*Data extract*.
────

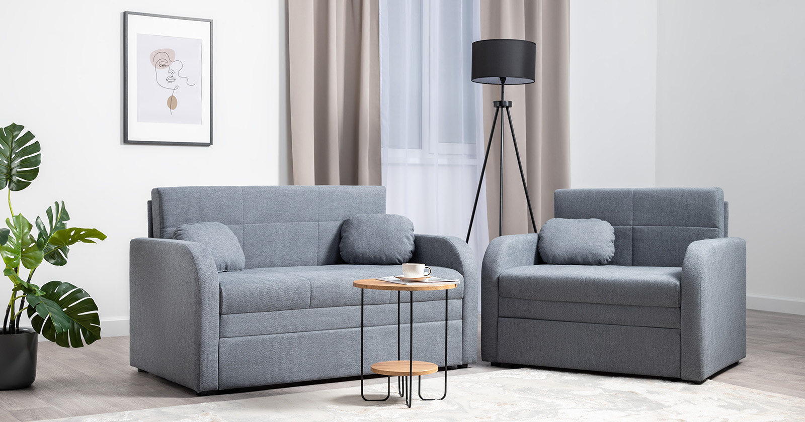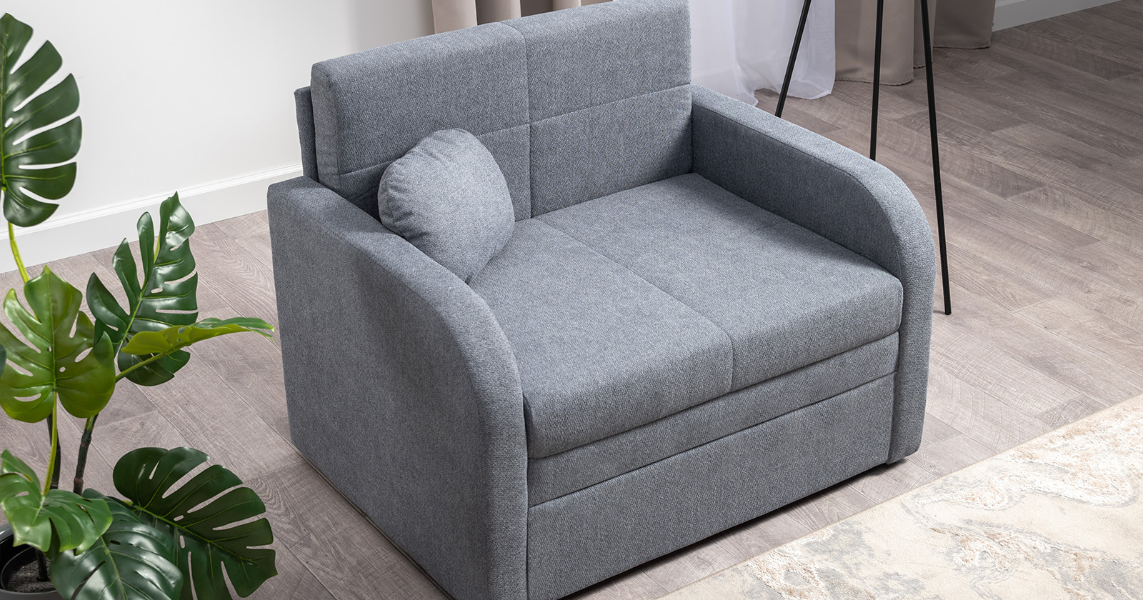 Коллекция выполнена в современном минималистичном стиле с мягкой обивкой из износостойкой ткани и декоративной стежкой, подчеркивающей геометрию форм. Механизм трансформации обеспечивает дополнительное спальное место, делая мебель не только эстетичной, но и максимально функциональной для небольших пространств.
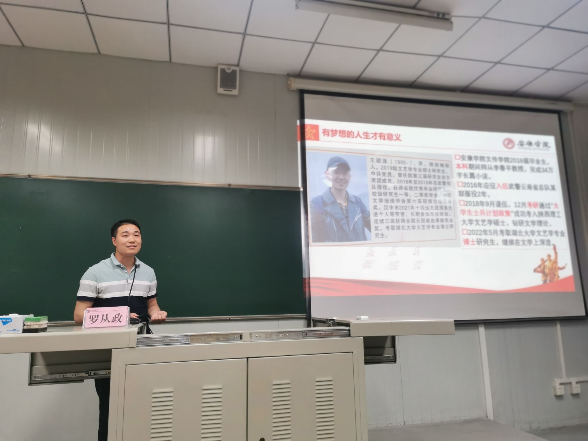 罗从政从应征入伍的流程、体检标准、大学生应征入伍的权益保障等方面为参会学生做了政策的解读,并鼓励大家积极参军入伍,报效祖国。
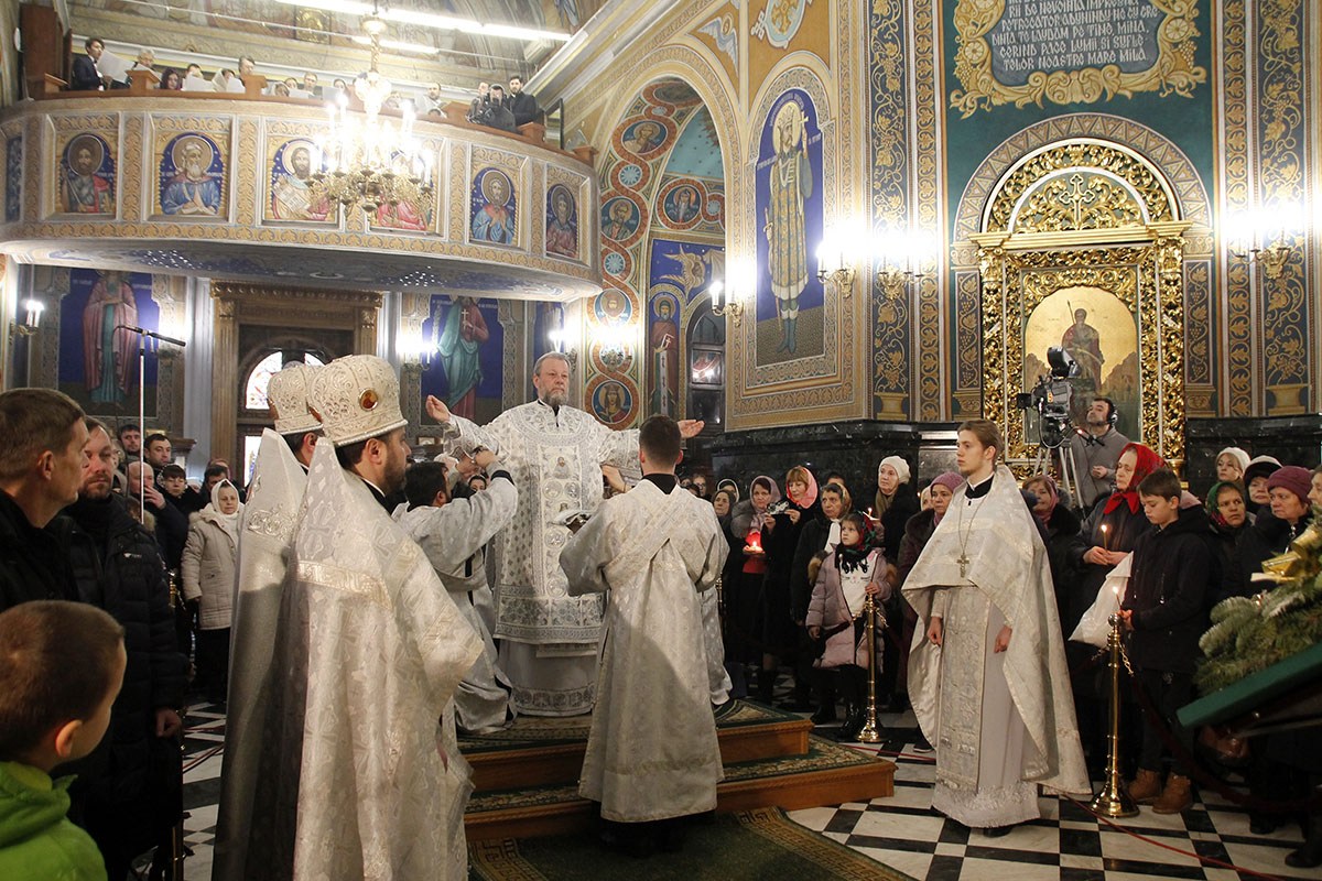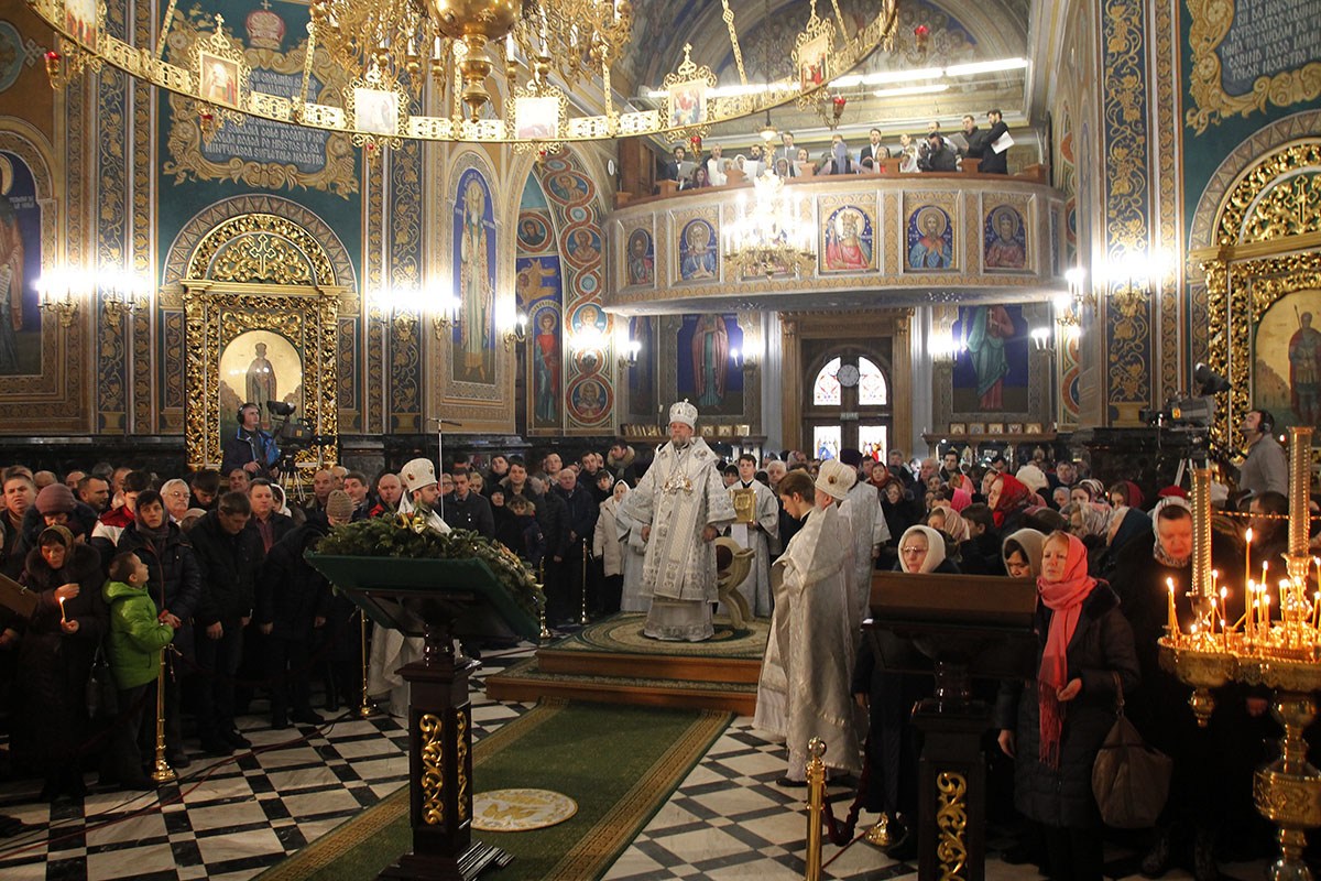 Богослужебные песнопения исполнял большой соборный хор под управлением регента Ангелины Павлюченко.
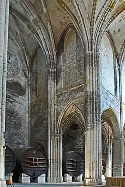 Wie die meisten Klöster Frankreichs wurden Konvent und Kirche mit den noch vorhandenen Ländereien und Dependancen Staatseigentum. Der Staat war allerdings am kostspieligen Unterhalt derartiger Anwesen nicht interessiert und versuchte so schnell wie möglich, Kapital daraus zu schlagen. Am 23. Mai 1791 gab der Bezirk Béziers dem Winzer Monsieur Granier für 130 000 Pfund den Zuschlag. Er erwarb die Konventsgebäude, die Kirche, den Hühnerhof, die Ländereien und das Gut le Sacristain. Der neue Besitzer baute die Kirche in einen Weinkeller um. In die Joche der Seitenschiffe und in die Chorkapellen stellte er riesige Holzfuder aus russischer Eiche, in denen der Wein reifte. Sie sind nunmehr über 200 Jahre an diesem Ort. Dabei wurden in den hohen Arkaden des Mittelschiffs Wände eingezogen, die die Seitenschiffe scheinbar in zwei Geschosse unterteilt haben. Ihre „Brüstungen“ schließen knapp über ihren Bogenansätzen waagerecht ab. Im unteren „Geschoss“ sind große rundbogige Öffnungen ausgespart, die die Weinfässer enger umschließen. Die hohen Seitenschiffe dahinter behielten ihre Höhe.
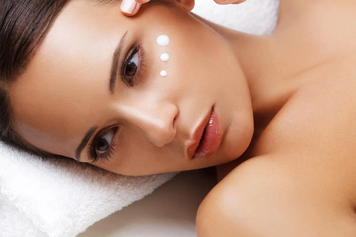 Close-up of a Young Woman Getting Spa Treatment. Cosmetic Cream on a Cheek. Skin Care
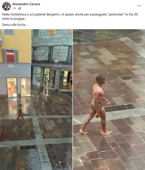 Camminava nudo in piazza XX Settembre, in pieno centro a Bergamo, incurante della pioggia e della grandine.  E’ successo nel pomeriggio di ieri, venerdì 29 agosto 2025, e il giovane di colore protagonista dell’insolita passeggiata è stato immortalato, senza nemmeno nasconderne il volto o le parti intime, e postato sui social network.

────

*Task statement*. After removing the pictures, restate the whole listing above word for word.

*Answer to the problem*.
 Коллекция выполнена в современном минималистичном стиле с мягкой обивкой из износостойкой ткани и декоративной стежкой, подчеркивающей геометрию форм. Механизм трансформации обеспечивает дополнительное спальное место, делая мебель не только эстетичной, но и максимально функциональной для небольших пространств.
 罗从政从应征入伍的流程、体检标准、大学生应征入伍的权益保障等方面为参会学生做了政策的解读,并鼓励大家积极参军入伍,报效祖国。
 Богослужебные песнопения исполнял большой соборный хор под управлением регента Ангелины Павлюченко.
 Wie die meisten Klöster Frankreichs wurden Konvent und Kirche mit den noch vorhandenen Ländereien und Dependancen Staatseigentum. Der Staat war allerdings am kostspieligen Unterhalt derartiger Anwesen nicht interessiert und versuchte so schnell wie möglich, Kapital daraus zu schlagen. Am 23. Mai 1791 gab der Bezirk Béziers dem Winzer Monsieur Granier für 130 000 Pfund den Zuschlag. Er erwarb die Konventsgebäude, die Kirche, den Hühnerhof, die Ländereien und das Gut le Sacristain. Der neue Besitzer baute die Kirche in einen Weinkeller um. In die Joche der Seitenschiffe und in die Chorkapellen stellte er riesige Holzfuder aus russischer Eiche, in denen der Wein reifte. Sie sind nunmehr über 200 Jahre an diesem Ort. Dabei wurden in den hohen Arkaden des Mittelschiffs Wände eingezogen, die die Seitenschiffe scheinbar in zwei Geschosse unterteilt haben. Ihre „Brüstungen“ schließen knapp über ihren Bogenansätzen waagerecht ab. Im unteren „Geschoss“ sind große rundbogige Öffnungen ausgespart, die die Weinfässer enger umschließen. Die hohen Seitenschiffe dahinter behielten ihre Höhe.
 Close-up of a Young Woman Getting Spa Treatment. Cosmetic Cream on a Cheek. Skin Care
 Camminava nudo in piazza XX Settembre, in pieno centro a Bergamo, incurante della pioggia e della grandine.  E’ successo nel pomeriggio di ieri, venerdì 29 agosto 2025, e il giovane di colore protagonista dell’insolita passeggiata è stato immortalato, senza nemmeno nasconderne il volto o le parti intime, e postato sui social network.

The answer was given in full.